- Work instruction:
Starting at the top of the entries below, write out each line up to and including the one containing "mehrdrähtig bzw. starr/flexibel". Leave the pictures out.

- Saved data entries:
- - -

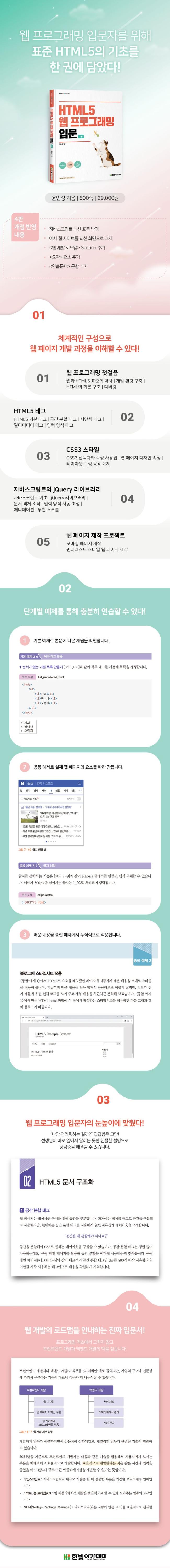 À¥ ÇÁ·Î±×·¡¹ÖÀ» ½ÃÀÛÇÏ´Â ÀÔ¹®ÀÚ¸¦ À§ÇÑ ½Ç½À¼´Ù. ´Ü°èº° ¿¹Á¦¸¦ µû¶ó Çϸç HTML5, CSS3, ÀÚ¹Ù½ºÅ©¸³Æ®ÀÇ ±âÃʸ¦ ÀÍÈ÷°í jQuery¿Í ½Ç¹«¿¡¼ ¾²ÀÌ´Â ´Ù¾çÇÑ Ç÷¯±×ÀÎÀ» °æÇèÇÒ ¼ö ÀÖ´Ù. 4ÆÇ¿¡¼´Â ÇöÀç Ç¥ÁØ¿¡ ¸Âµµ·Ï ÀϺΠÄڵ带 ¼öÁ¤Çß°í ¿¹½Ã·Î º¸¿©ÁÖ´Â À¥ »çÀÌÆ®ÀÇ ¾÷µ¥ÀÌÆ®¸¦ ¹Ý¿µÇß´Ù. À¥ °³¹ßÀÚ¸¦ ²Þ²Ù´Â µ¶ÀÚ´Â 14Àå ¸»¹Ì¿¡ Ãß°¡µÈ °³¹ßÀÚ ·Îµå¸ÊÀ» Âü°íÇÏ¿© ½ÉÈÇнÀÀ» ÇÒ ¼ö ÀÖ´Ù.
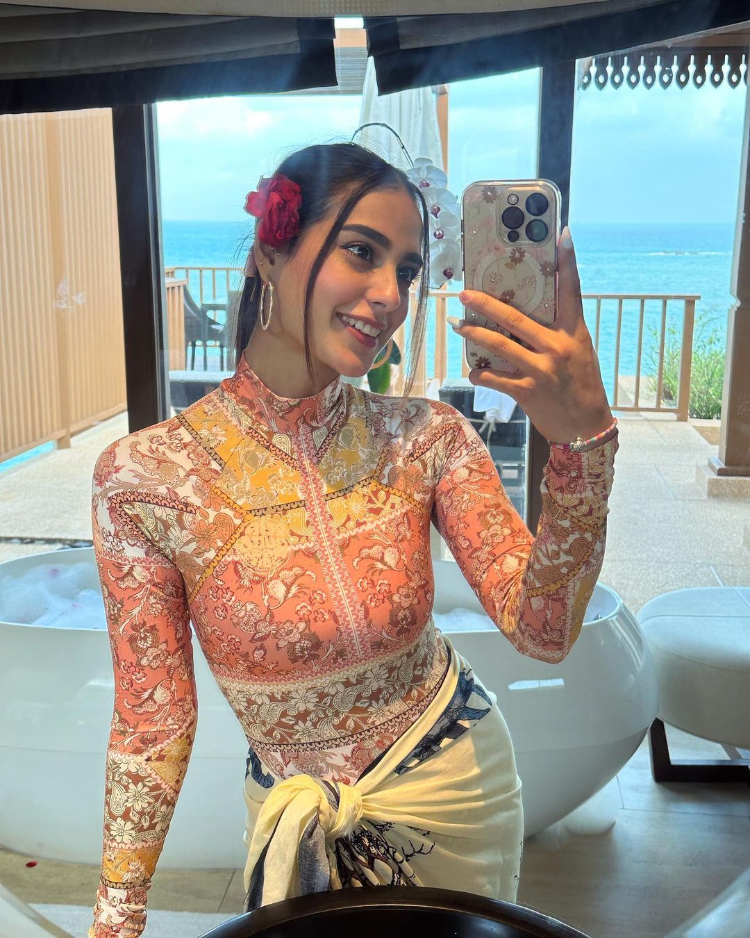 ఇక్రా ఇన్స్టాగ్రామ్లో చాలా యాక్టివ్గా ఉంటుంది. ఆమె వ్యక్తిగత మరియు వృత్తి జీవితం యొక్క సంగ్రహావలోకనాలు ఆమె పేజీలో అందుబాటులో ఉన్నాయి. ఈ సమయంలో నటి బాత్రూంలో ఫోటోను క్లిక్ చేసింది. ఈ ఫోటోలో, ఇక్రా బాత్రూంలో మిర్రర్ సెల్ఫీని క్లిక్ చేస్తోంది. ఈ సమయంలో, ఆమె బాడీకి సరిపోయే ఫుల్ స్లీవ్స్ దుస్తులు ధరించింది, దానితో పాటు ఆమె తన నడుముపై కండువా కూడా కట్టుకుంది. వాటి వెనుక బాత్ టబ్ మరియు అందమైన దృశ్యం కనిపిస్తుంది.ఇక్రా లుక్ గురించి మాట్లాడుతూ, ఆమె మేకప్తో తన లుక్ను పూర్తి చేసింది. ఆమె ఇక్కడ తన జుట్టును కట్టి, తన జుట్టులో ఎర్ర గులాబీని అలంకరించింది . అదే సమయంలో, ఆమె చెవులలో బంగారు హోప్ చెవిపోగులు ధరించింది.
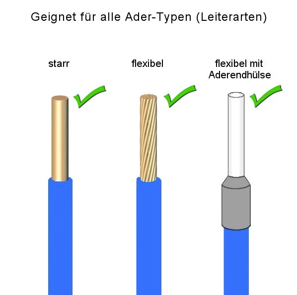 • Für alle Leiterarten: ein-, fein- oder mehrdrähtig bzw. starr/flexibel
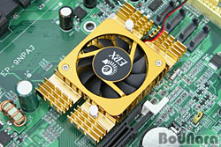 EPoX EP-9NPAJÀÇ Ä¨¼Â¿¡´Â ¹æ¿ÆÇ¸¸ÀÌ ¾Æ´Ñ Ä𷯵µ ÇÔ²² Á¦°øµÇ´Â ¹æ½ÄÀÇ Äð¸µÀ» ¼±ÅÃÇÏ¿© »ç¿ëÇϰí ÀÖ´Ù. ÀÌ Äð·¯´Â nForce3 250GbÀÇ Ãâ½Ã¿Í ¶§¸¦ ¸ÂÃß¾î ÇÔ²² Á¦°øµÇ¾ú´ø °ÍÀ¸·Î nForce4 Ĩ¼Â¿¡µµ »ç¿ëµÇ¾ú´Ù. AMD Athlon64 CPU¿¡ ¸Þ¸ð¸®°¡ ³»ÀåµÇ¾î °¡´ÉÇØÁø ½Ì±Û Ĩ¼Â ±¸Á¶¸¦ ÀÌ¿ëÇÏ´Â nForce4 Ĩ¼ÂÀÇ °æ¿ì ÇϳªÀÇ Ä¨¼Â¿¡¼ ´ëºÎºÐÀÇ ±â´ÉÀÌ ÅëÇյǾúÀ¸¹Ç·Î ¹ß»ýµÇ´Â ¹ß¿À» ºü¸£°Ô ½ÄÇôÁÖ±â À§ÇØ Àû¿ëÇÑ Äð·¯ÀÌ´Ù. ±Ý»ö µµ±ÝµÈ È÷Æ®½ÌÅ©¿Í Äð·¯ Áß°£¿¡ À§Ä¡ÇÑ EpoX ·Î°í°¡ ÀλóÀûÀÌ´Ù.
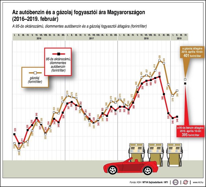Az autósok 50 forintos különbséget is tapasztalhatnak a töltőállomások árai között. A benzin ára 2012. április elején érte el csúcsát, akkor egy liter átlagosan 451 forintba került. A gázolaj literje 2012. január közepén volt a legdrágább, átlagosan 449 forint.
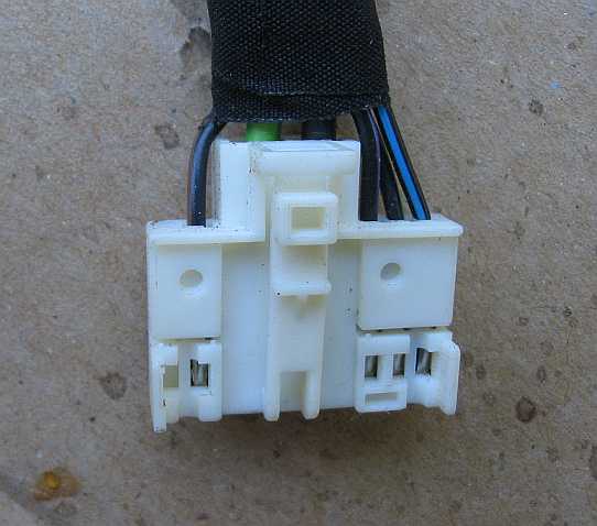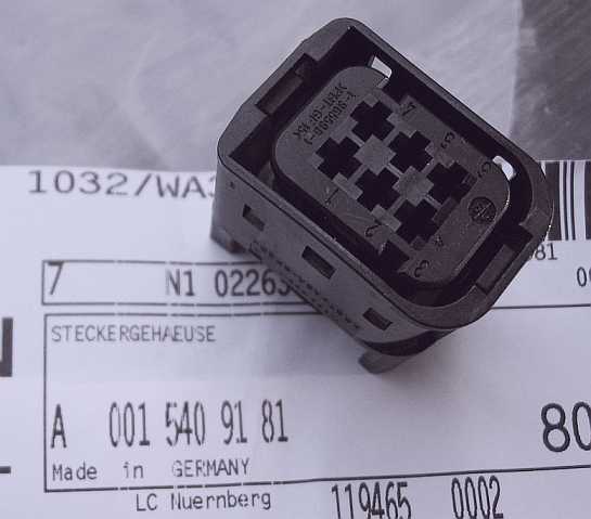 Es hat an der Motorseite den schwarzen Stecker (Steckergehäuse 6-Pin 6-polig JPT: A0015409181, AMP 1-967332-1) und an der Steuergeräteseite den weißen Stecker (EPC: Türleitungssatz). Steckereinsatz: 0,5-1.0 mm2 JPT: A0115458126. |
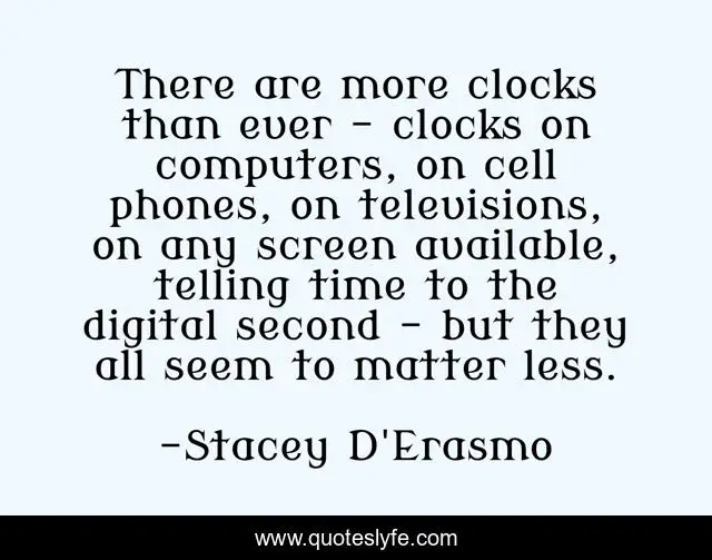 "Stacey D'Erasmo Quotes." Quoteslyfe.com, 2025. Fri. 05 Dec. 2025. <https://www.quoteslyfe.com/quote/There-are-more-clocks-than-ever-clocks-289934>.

- - -

- Response to the task:
 À¥ ÇÁ·Î±×·¡¹ÖÀ» ½ÃÀÛÇÏ´Â ÀÔ¹®ÀÚ¸¦ À§ÇÑ ½Ç½À¼´Ù. ´Ü°èº° ¿¹Á¦¸¦ µû¶ó Çϸç HTML5, CSS3, ÀÚ¹Ù½ºÅ©¸³Æ®ÀÇ ±âÃʸ¦ ÀÍÈ÷°í jQuery¿Í ½Ç¹«¿¡¼ ¾²ÀÌ´Â ´Ù¾çÇÑ Ç÷¯±×ÀÎÀ» °æÇèÇÒ ¼ö ÀÖ´Ù. 4ÆÇ¿¡¼´Â ÇöÀç Ç¥ÁØ¿¡ ¸Âµµ·Ï ÀϺΠÄڵ带 ¼öÁ¤Çß°í ¿¹½Ã·Î º¸¿©ÁÖ´Â À¥ »çÀÌÆ®ÀÇ ¾÷µ¥ÀÌÆ®¸¦ ¹Ý¿µÇß´Ù. À¥ °³¹ßÀÚ¸¦ ²Þ²Ù´Â µ¶ÀÚ´Â 14Àå ¸»¹Ì¿¡ Ãß°¡µÈ °³¹ßÀÚ ·Îµå¸ÊÀ» Âü°íÇÏ¿© ½ÉÈÇнÀÀ» ÇÒ ¼ö ÀÖ´Ù.
 ఇక్రా ఇన్స్టాగ్రామ్లో చాలా యాక్టివ్గా ఉంటుంది. ఆమె వ్యక్తిగత మరియు వృత్తి జీవితం యొక్క సంగ్రహావలోకనాలు ఆమె పేజీలో అందుబాటులో ఉన్నాయి. ఈ సమయంలో నటి బాత్రూంలో ఫోటోను క్లిక్ చేసింది. ఈ ఫోటోలో, ఇక్రా బాత్రూంలో మిర్రర్ సెల్ఫీని క్లిక్ చేస్తోంది. ఈ సమయంలో, ఆమె బాడీకి సరిపోయే ఫుల్ స్లీవ్స్ దుస్తులు ధరించింది, దానితో పాటు ఆమె తన నడుముపై కండువా కూడా కట్టుకుంది. వాటి వెనుక బాత్ టబ్ మరియు అందమైన దృశ్యం కనిపిస్తుంది.ఇక్రా లుక్ గురించి మాట్లాడుతూ, ఆమె మేకప్తో తన లుక్ను పూర్తి చేసింది. ఆమె ఇక్కడ తన జుట్టును కట్టి, తన జుట్టులో ఎర్ర గులాబీని అలంకరించింది . అదే సమయంలో, ఆమె చెవులలో బంగారు హోప్ చెవిపోగులు ధరించింది.
 • Für alle Leiterarten: ein-, fein- oder mehrdrähtig bzw. starr/flexibel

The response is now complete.